Right in the middle of the biggest crisis of his presidency, Egyptian President Mohammed Morsi has come to Germany. Morsi had been hoping Berlin would forgive hundreds of millions of euros in debt. He ended up getting something far less tangible: advice on how to run his country.
Mohammed Morsi is unlikely to be satisfied with the outcome of his visit to Berlin on Wednesday. Even though the Egyptian president was at his most statesman-like, the trip did little to help him.
In talks with Chancellor Angela Merkel and at a press conference, Morsi outlined a future for Egypt that Germany could only applaud, heralding the dawn of a democratic country based on a separation of church and state, one that champions pluralism and religious freedom. He also assured Merkel that the Konrad Adenauer Foundation -- a political think tank associated with her center-right Christian Democratic Union party -- in Egypt would be brought under the aegis of the Cultural Cooperation Protocol signed in 1959, which organizes Egyptian-German cultural relations and would give it legal certainty.
But Merkel failed to respond as Morsi would have liked, refraining from any mention of forgiving Egypt's debt by some 240 million ($324 million), as Berlin had earlier suggested it might do. Nor was any mention made of any new development aid projects to be launched by Germany in Egypt. What Merkel did have to offer was advice.
"What matters now is that the work that needs be done, gets done," she said. Against the backdrop of turmoil in Egypt, the chancellor told Morsi that sturdy economic development contributed to political stability. Of course, the reverse can also be true.
On the evening prior to Morsi's visit, the German Foreign Ministry released a new travel warning, advising Germans to stay away from the Egyptian Museum in central Cairo, one of the most visited sites in the country. Before the revolution, more than a million Germans vacationed in Egypt every year. Today, officials in Cairo are happy to attract half as many.

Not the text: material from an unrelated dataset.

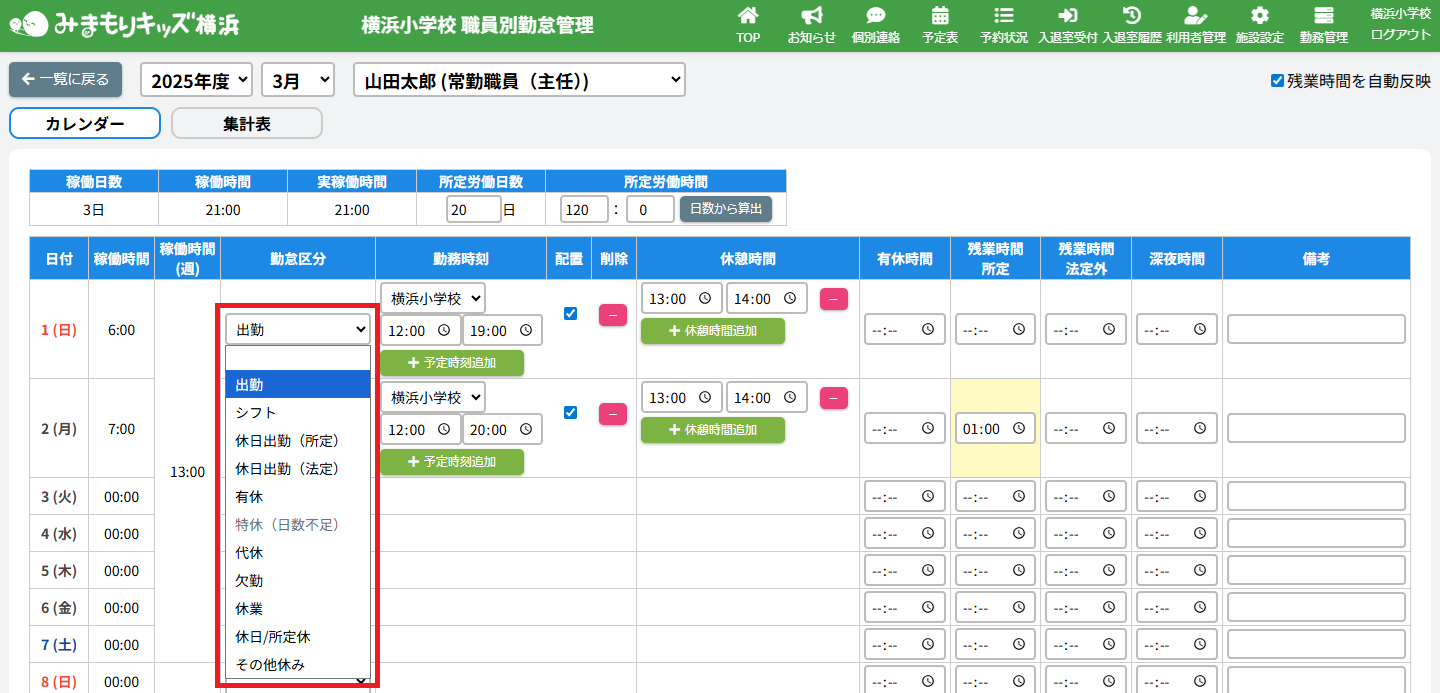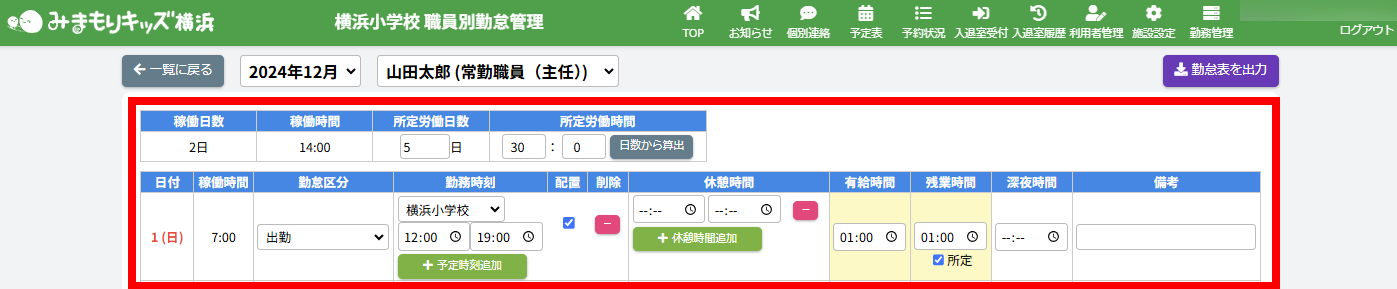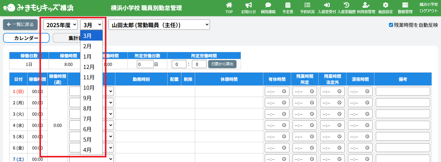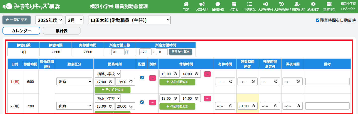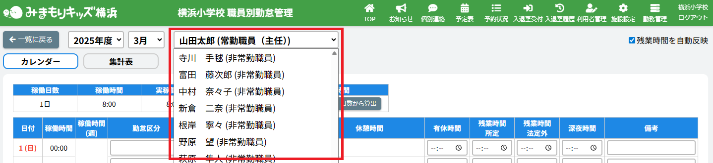 時間を入力すると、その職員の稼働時間が自動的に表示されます。

Morsi tried to shore up confidence in Berlin. He needs to bring German investors and tourists back to Egypt if the economy is to recover. Yet it's unclear whether the president is even capable of controlling the ongoing violence in his country.
'A Worrying Intensification of Violence'
"On the one hand, you're seeing political demonstrations, but there's also a growing number of protests unrelated to politics," Stephan Roll, an expert on Egypt at the German Institute for International and Security Affairs (SWP), told SPIEGEL ONLINE. But the latter type of protest is much more unwieldy. How is the president to grant concessions when the protesters make no political demands?
"We're seeing a worrying intensification of violence," Roll said. "In the cities on the Suez Canal, you're seeing the spread of hand guns has increased." Just where the weapons came from -- be it plundered police stations, arsenals belonging to toppled Libyan dictator Moammar Gadhafi, or simply private collections -- remains unclear.
Egypt's military chief warned on Tuesday the violence could result in "a collapse of the state." Roll said the Egyptian government is quickly losing its legitimacy. "A large part of the population is completely turning away in a general skepticism of politics." Such words don't sound like a vote of confidence.
"My hope is that there will end up being concessions on the constitution, but that has yet to happen," Roll said. "Both sides have to show they're willing to compromise -- not just Morsi, but the opposition, too."